Why it's rising when fuel is falling
The counterintuitive part is that global jet-fuel prices have eased in recent months, yet the surcharge stayed high. Two things explain the gap.
First, timing. Japanese carriers calculate their surcharges off an average fuel price from an earlier window — a lag of several weeks — so the charge you pay this summer reflects fuel costs from the spring, when prices were higher. When fuel falls, in other words, the savings reach passengers only after a delay; the airlines revise the figure on a set schedule rather than in real time.
Second, the yen. Oil is priced in U.S. dollars, and the yen has been trading near multi-decade lows against the dollar. That means each barrel of fuel costs a Japanese airline far more in yen than the dollar price alone suggests, keeping surcharges elevated even as the dollar price of fuel comes down. The carriers cite both fuel costs and the currency in explaining the charges.
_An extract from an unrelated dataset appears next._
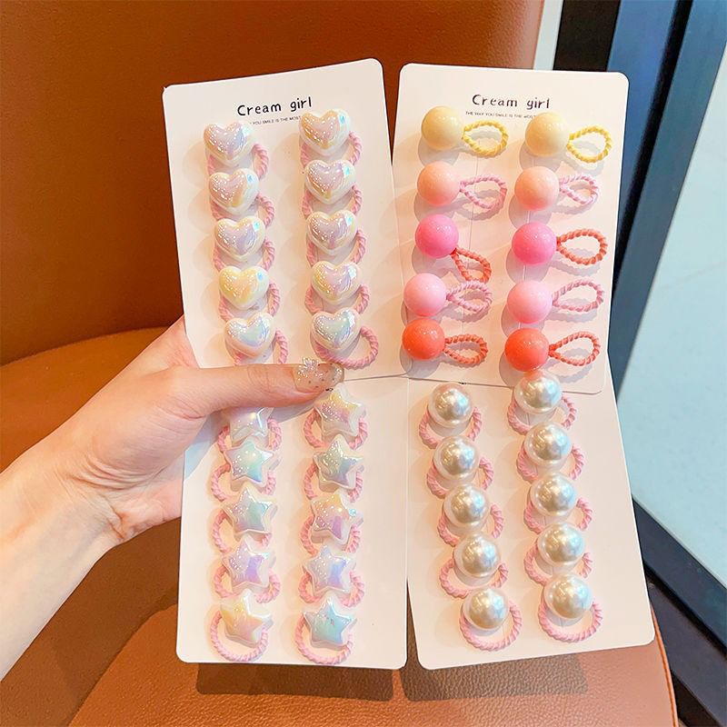 3.There are 3 styles, star-shape hair tie, heart-shape hair tie and round hair tie. They looks fancy and delicate, very perfect for creating elegant and dreamy hair styles.

What it means for Southern California travelers
Los Angeles is one of the busiest U.S. gateways to Japan, so the surcharges land squarely on Angelenos planning summer trips. Other airlines flying the route add fuel surcharges of their own, though the amounts and formulas vary by carrier. The practical upshot: when comparing fares to Tokyo, look at the all-in price, not just the base fare, because the surcharge can add hundreds of dollars per traveler that a headline fare may not make obvious.
The outlook
There is some relief on the horizon. Because the surcharges are revised on a fixed cycle, later-summer and autumn bookings should begin to reflect the cheaper fuel of recent months — provided prices stay down and the yen doesn't weaken further. For now, though, travelers booking in the peak season are paying for the market as it looked in the spring. The specific yen figures cited here come from the airlines' published surcharge schedules and travel-industry reporting; exact amounts depend on route and booking date, so confirm the current surcharge when you buy.